Mas as coisas não poderiam ficar piores. A vida matou alguns dos belos

momentos de minha saudosa infância. As recordações restantes são tão poucas e tão

enegrecidas que se torna complicado analisá-las. Porém, fique tranquilo, pois as que

restaram sempre me remetem a você e a toda beleza que minha imaginação me

proporcionou – visto que, com a sua inegável ausência, restou-me apenas minhas ideias

e meus sonhos como substância vital e necessária para te materializar. Só assim, querido

Peter, saciei a minha necessidade de aventuras. Só assim, aquela garotinha quase sem

amigos sanou sua solidão.

Eu sei, meu amado, as irredutíveis perguntas que estão passando por sua

cabecinha eternamente juvenil. Consigo premeditar cada palavrinha que se une nesses

questionamentos injustos que tem a me fazer: por quê? Oh, Peter, são tantos porquês...

Por que lhe remeto esta carta, por que matei meus doces sonhos infantis, por que

cresci...? Infelizmente, não deu para fazer o mesmo que você fez. Não tive a capacidade

de parar o meu relógio, não consegui estacionar minha vida na minha infância. E esse

cotidiano cruel de “adulto” acabou por me fazer esquecer os desejos de outrora. Os

acontecimentos diários me fizeram velar os tempos dourados de criança. Não há nada

pior do que crescer, Peter. Tampouco ser desiludida, trocada, traída, enganada... É, é...

Vida de adulto não é fácil. É tão dura e triste que, às vezes, tento superar os obstáculos

que me separam das minhas memórias longínquas – as mesmas em que você descansa,

adormecido, esquecido de suas lutas fatais contra o temível Capitão Gancho.
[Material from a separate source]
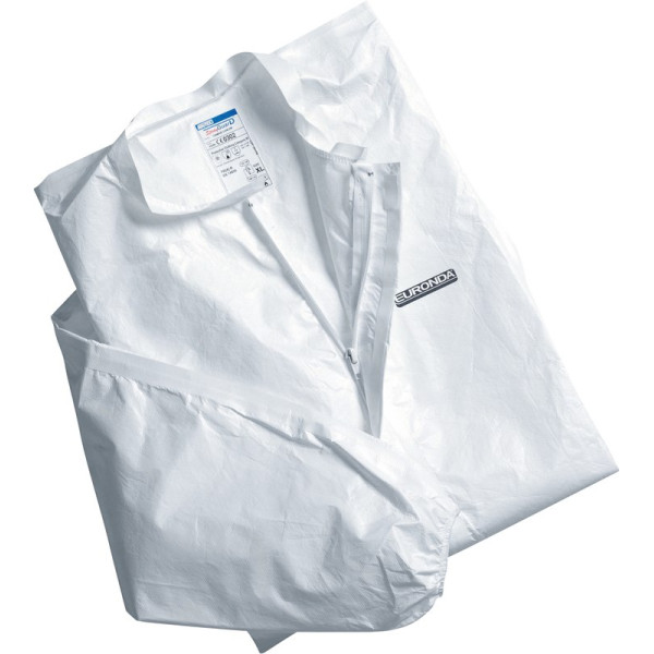 Weißer Schutzkittel mit Reißverschluss, Stehkragen und elastischen Bündchen. Einwegkittel für die Arbeit mit flüssigen und spritzenden chemischen oder infektiösen Substanzen. Zum Beispiel bei der Aufbereitung von Instrumenten beim Zahnarzt, in Krankenhäusern, Laboren, bei Podologen oder in Körperschmuck-Studios. Stück Kittel L

E são essas

visitas, Peter, que me fazem escrever cartas como essa.

Ah... Já sei o que sua mente confusa quer saber dessa vez... O que é isso que eu

sinto? É bem simples, meu bom rapaz: saudades. Saudades de um tempo que nunca

voltará.

Querido, sinto que devo encerrar este escrito aqui. As obrigações de uma adulta

me chamam. Mas, não se preocupe. Se essas poucas palavras o comoveram e o

incitaram a finalmente me procurar, fique tranquilo: as janelas do meu quarto continuam

abertas.

Com amor,

Da garota que nunca quis crescer, mas precisou.